Ronald replaces the vibe check with a **fair, replicated, blinded, pre-registered
comparison** that ends in an honest verdict — "B wins by X, beyond the noise," or
"no significant difference." It is Fisher's RCT applied to prompts: arms are
treatments, test cases are blocks, replicates absorb sampling noise, the judge is a
measurement instrument you must calibrate and blind.

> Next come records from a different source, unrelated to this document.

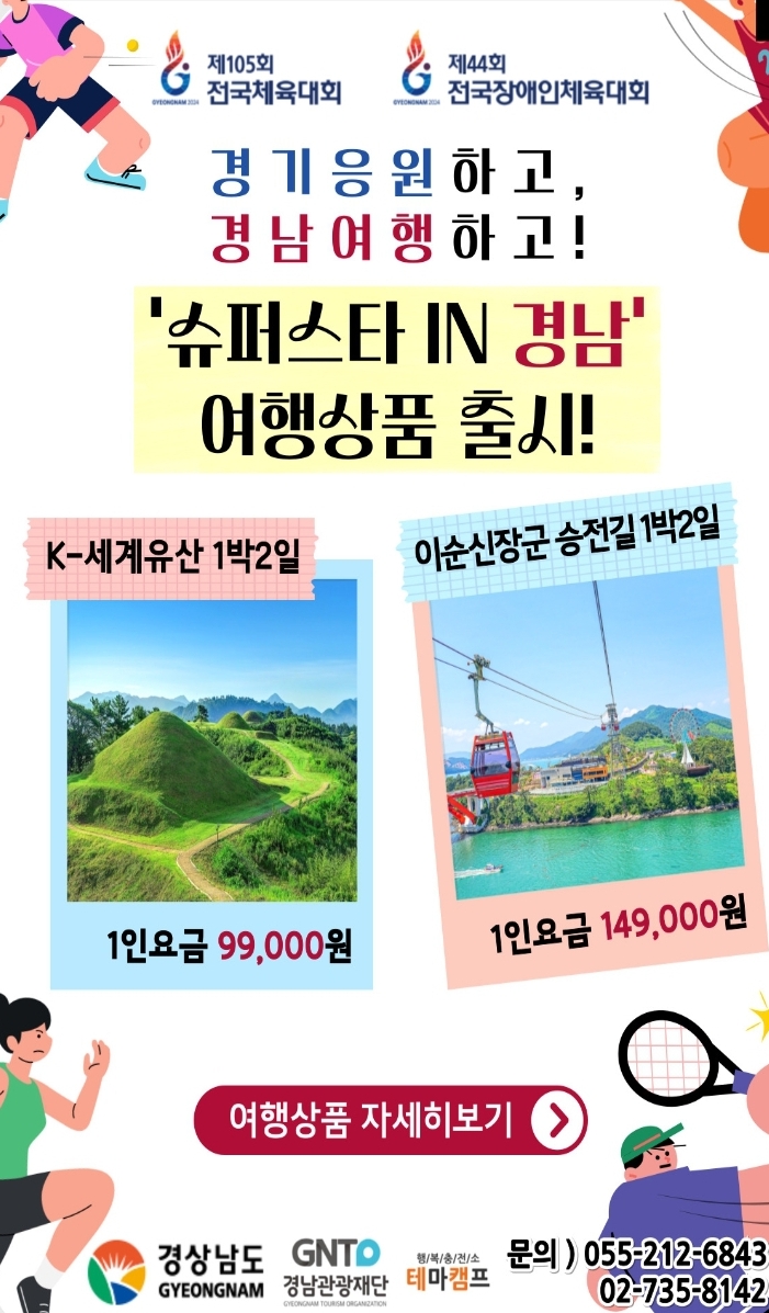 안녕하세요! 경남에서 특별한 여행을 즐기며 체육대회 응원까지 할 수 있는 기회를 소개해드립니다. 이번에 경남에서 열리는 제105회 전국체육대회와 제44회 전국장애인체육대회에 맞춰 여행 상품이 출시되었습니다. 두 가지 특별한 여행 상품을 통해 아름다운 경남을 만끽하고, 스포츠 열기 속에서 잊지 못할 추억을 만들어보세요!
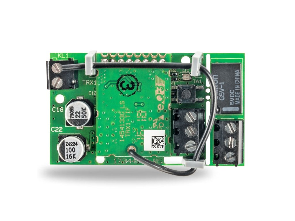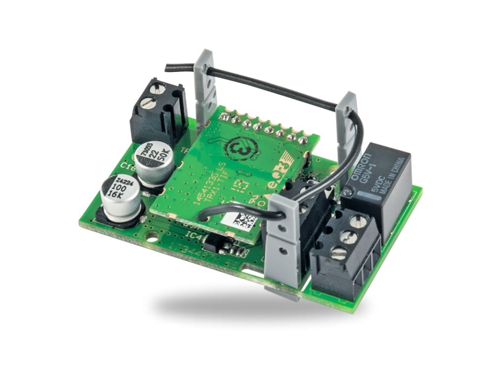 Programovateľný bezdrôtový Spínací akčný člen (HmIP-PCBS) v modulovom vyhotovení pre improvizovanú montáž, napájaný zo zdroja jednosmerného napätia v rozsahu 5 až 25 V, ľahko integruje bežné elektrické spotrebiče do systému inteligentnej domácnosti Homematic IP.
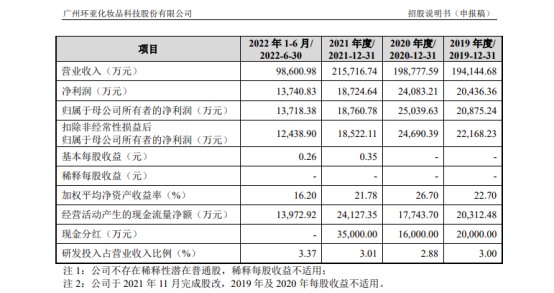 然而,在招股书可见的2019年以来,公司业绩尤其是净利润水平却每况愈下。数据显示,2019-2022年上半年,环亚科技分别实现营收19.41亿元、19.88亿元、21.57亿元、9.86亿元,同期净利润分别为2.04亿元、2.41亿元、1.87亿元、1.37亿元。

Six principles, each a guard against a way comparisons lie:

- **One variable.** Change exactly the factor under test — the **model**, *or* the
  **prompt** — and hold everything else constant (same inputs, temperature, system
  prompt, tools, judge). If A and B differ in two things, the result is a confound.
- **Replication.** Outputs are stochastic, so run each (arm × case) **N times**.
  One sample is an anecdote; N gives you the **mean and the spread** — and the
  spread is what tells you whether a gap is real.
- **Pairing (blocking).** Run the **same test cases** through every arm
  (within-subject), so per-case difficulty cancels and you compare like-for-like.
  Paired is far more sensitive than different inputs per arm.
- **Randomize & blind.** Randomize run order, and **blind the judge** to which arm
  produced an output (anonymize labels, randomize A/B position). Otherwise brand
  bias ("it's GPT, must be good") and position bias decide, not quality.
- **Pre-register.** Fix the **metric, the test suite, N, and the decision rule
  before** you look at any output. Choosing the metric after seeing results is how
  every comparison "proves" the answer you already wanted.
- **Compare honestly.** Report each arm's metric **with its spread**, the paired
  effect size, and whether the gap **beats the noise** — plus cost and latency.
  A 1-point edge across 5 noisy runs is nothing.

## When to use

- **choosing a model** for a task — opus vs sonnet vs haiku, or Claude vs Codex vs
  Gemini — before you standardize on one
- **A/B testing prompt variants** — which system prompt / instruction wording / few-
  shot set actually wins
- a **bake-off / eval** across models or prompts you need to defend with numbers
- **confirming a prompt change helped** (vs got a lucky draw)
- quantifying a **quality vs cost vs latency** tradeoff across options

## When NOT to use

- One obvious choice / no real alternative — just pick it.
- You're **iteratively searching** toward a metric (tweak → measure → tweak → …) —
  that's `andrej` (a sequential loop), not a fixed-arm A/B. (Though `andrej` can use
  Ronald to choose among discrete candidates.)
- A throwaway "just try it on both and eyeball it" with no decision riding on it —
  don't over-engineer a one-off. (But the moment a real decision rides on it —
  standardizing the team on a model, shipping a prompt change — it is *not* a
  throwaway: pre-register and replicate.)
- You **can't define a response metric or a judge** — there's nothing to compare
  yet. First make the outcome measurable (a rubric, a checker, a graded score).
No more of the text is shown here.